El Corte Inglés de la estabilidad encara el futuro con más músculo

Se debe concentrar en el negocio y no descartar un futuro con presencia en los mercados bursátiles

De todos los sectores que trabajan cara al público, el de la distribución es probablemente el que mayores cambios ha experimentado en los últimos veinte años. De la venta física en mostrador y el pago en efectivo a la digitalización total de la actividad y la venta online, la imprescindible transformación ha sido acometida con mayor o menor fortuna y agilidad por los grandes del sector en todo el mundo. En esa labor de innovación está El Corte Inglés, líder europeo de grandes almacenes y paradigma español de una manera de hacer negocios, que tiene en la superación del desafío digital, la venta online y la adecuación a las necesidades del consumo, además de la creación de nuevos negocios, sus principales objetivos. En su favor cuenta el pleno convencimiento estratégico de sus responsables y la certeza de que para este empeño es bueno aliarse con terceros, como el caso del acuerdo con el gigante chino Alibaba. En paralelo, la transformación, modernización y dinamización de las tiendas físicas es un proceso acometido con empeño por el grupo que deberá dar su fruto, como la reorganización de las estructuras de funcionamiento.

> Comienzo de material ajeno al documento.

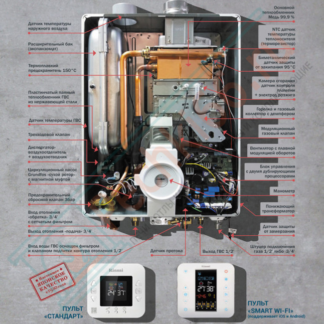 - Устройство работает даже при пониженном давлении газа. Имеет регулируемую горелку из нержавеющей стали, возможность подключения таймера и пульта ДУ.Кроме того, в ТЭН есть система защиты от перегрева, блокировки насоса, а также от замерзания.
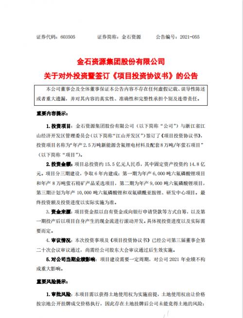 世纪储能网消息:10月13日,金石资源公告,公司与浙江省江山经济开发区管理委员会签订了《项目投资协议书》,投资建设年产2.5万吨新能源含氟锂电材料及配套8万吨/年萤石项目,项目总投资约15.5亿元。
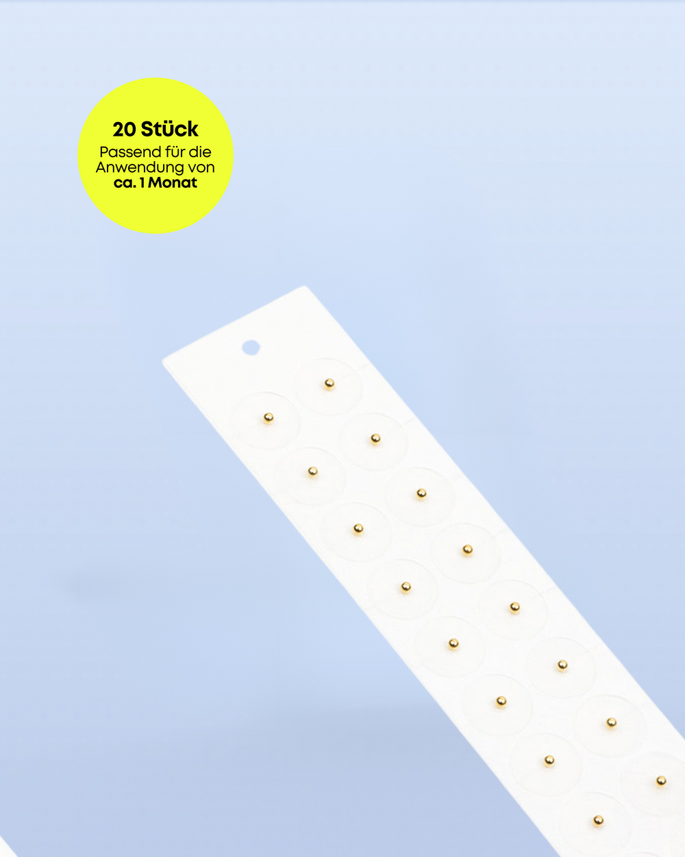 Nein, du musst nicht immer alle Punkte gleichzeitig kleben. Die Maps dienen als Orientierungshilfe. Es ist aber auch völlig in Ordnung, sich auf die Akupressurpunkte zu konzentrieren, die deine aktuellen Bedürfnisse ansprechen.
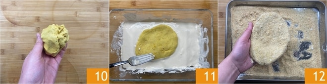 Nehmen Sie nun etwa 120 g große Stücke der Masse und formen Sie eine Kugel 10, drücken Sie sie dann zwischen den Händen flach, um ihr die Form eines Schnitzels zu geben. Erst in den Teig 11 und dann in das Paniermehl 12 tauchen.
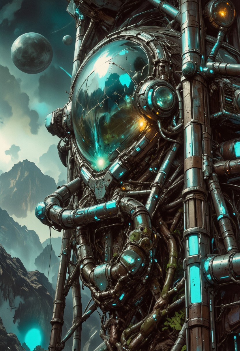 "Ultra-realistic sci-fi cinematic scene showcasing Earth's Moon transformed into a verdant fortress satellite. The moon’s surface is fortified with sleek metallic domes, robust support pylons, and sprawling networks of reinforced bunkers blending seamlessly into the dense, bioluminescent forest. These structures feature intricate lattices and angular reinforcements, layered with adaptive shielding panels for added defense. Massive, interconnected root-like conduits stretch from central power cores deep within the moon, supplying energy to essential systems like atmospheric generators and defense shields, their faint hum and glow illuminating the forested expanse. Orbiting docking stations hover above the surface, connected to the moon via sleek, carbon-fiber bridges and magnetic lifts, providing access to surrounding spacecraft. Through the grand, crystalline viewing towers, panoramic vistas of Earth and the Solar System unfold, visible through reinforced, transparent alloy windows that arc gracefully into the structure’s frame. Each defensive turret, embossed with mythic symbols and enhanced with automated targeting systems, merges both function and form. The structure emits a soft, otherworldly luminescence as the moon orbits, showcasing a unique blend of raw natural beauty and advanced technological architecture.”
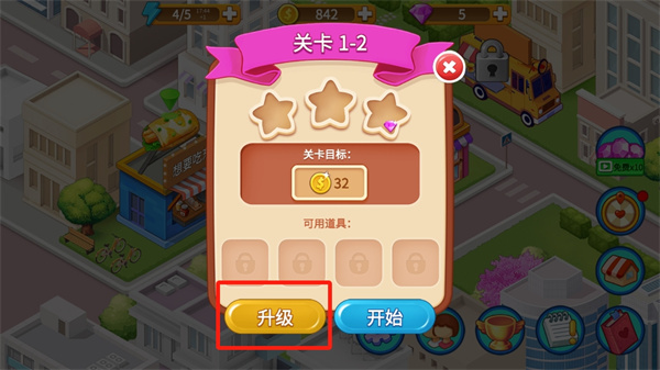 2、隨后我們可以選擇其中的一個關(guān)卡去進(jìn)行升級,可以升級對應(yīng)關(guān)卡中的菜品;
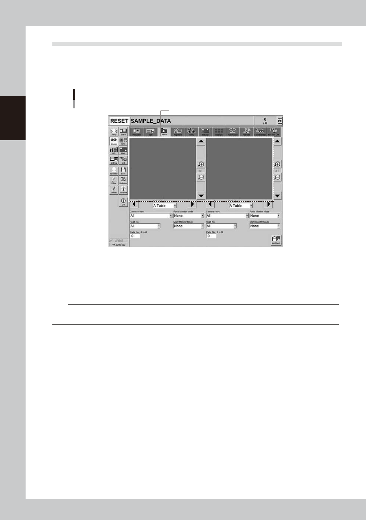 An image is displayed on each left and right of the vision monitor. Select a table, a camera, a head and a part
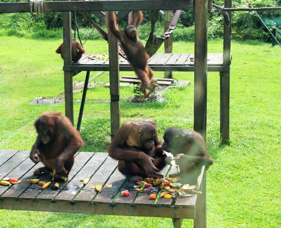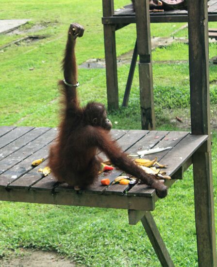 Wir  besuchen ein Schutzreservat für Orang Utans. Hier werden junge Orang Utans und verletzte aufgezogen, um sie dann, wenn es möglich ist, wieder auszugliedern.
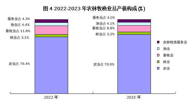 產(chǎn)值:2023年,江南區(qū)本級(jí)實(shí)現(xiàn)農(nóng)林牧漁業(yè)總產(chǎn)值46.07億元,比上年增長3.9%。其中,農(nóng)業(yè)產(chǎn)值36.82億元,比上年增長3.2%;林業(yè)產(chǎn)值1.49億元,比上年增長10.3%;畜牧業(yè)產(chǎn)值4.05億元,比上年增長6.9%;漁業(yè)產(chǎn)值1.88億元,比上年增長4.4%;農(nóng)林牧漁服務(wù)業(yè)產(chǎn)值1.83億元,比上年增長3.9%。農(nóng)林牧漁業(yè)的比重分別為:農(nóng)業(yè)79.9%,比上年提高1.9個(gè)百分點(diǎn);林業(yè)3.2%,比上年提高0.1個(gè)百分點(diǎn);畜牧業(yè)8.8%,比上年下降1.6個(gè)百分點(diǎn);漁業(yè)4.1%,比上年下降0.2個(gè)百分點(diǎn);農(nóng)業(yè)牧漁服務(wù)業(yè)4.0%,與去年持平。(見圖4)
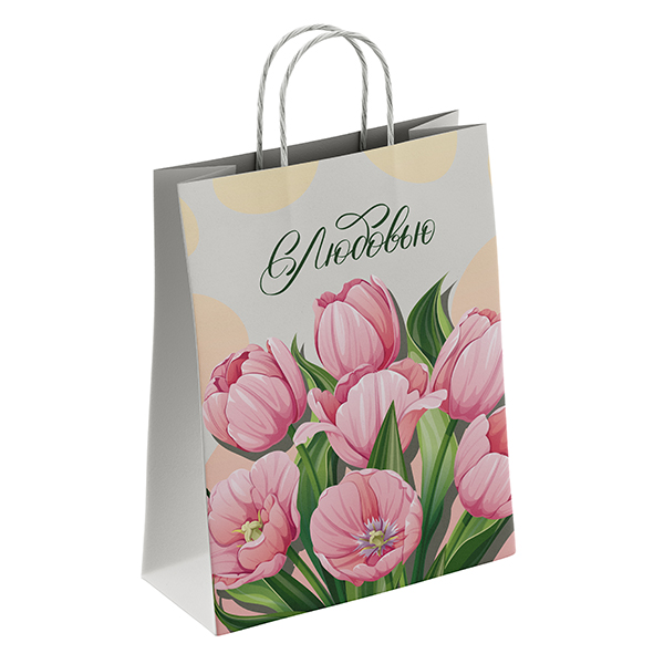 Пакет бумажный " ПЗБМ " 22*25*12см Тюльпаны, крученые ручки
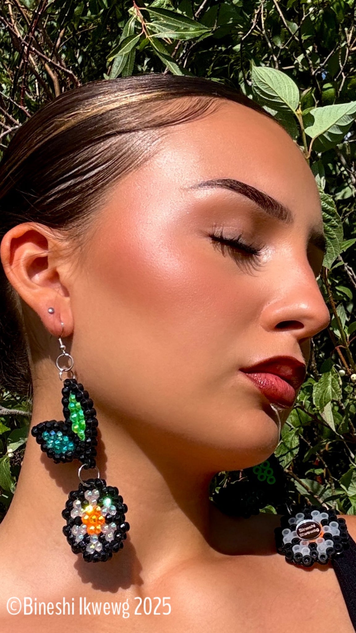 These clear/black floral and green leaf earrings measure 4 inches long by 1.75 inches wide. Super light earrings! Jewels on one side. Made by Angela LaRocque.
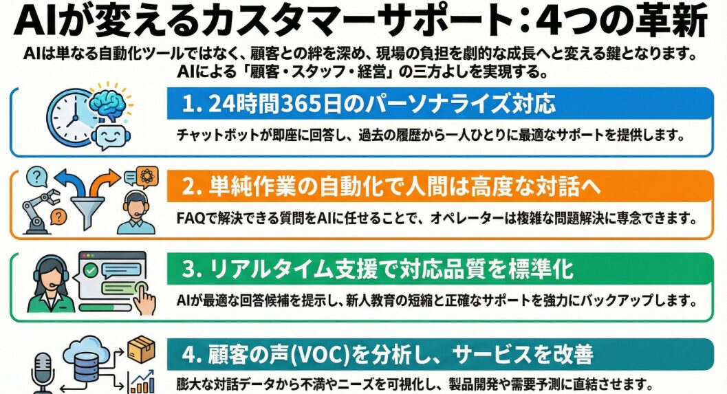 AIの導入は、カスタマーサポートの現場において、オペレーターの負担軽減と効率化に大きく貢献します。繰り返し発生する単純な問い合わせや、FAQで解決できる質問への対応をAIが自動化することで、オペレーターはより複雑で高度な問題解決に集中できるようになります。

Esa profunda transformación en la que está inmersa la compañía, y que hoy se debe entender como algo permanente en las empresas, cuenta por fin con un escenario de tranquilidad societaria que no ha sido la tónica en los últimos años. La confirmación unánime ayer por la junta de accionistas como presidenta de Marta Álvarez, la primera mujer en el cargo, debe significar el punto final de un costoso e improductivo proceso de conflictos familiares internos en ningún modo beneficioso para la empresa. Paralelamente a la figura de la presidenta, la cadena ha dado un muy positivo salto en buen gobierno e igualdad que tiene su manifestación más gráfica en el objetivo de acabar con la brecha salarial –tras reconocerla y cuantificarla–, igual que en el plan, ya ejecutándose, para garantizar que al menos el 50% de los nuevos cargos directivos sean mujeres.

Los importantes pasos en la refinanciación de la deuda, la puesta en venta de activos inmobiliarios que pesan en el balance y no aportan negocio, la desinversión en ciertas actividades y la optimización de las más próximas al core business dibujan un escenario de más músculo y menos grasa reconocido ya por las agencias de calificación. En este entorno de estabilidad societaria, profesionalización de la gestión, digitalización y apuesta por la venta online, El Corte Inglés se debe concentrar en el negocio, y caminar hacia la siempre pendiente internacionalización, el desarrollo en toda su amplitud del turismo de compras y no descartar, en su momento, un futuro con presencia en los mercados bursátiles que dé al grupo todo el valor que atesora.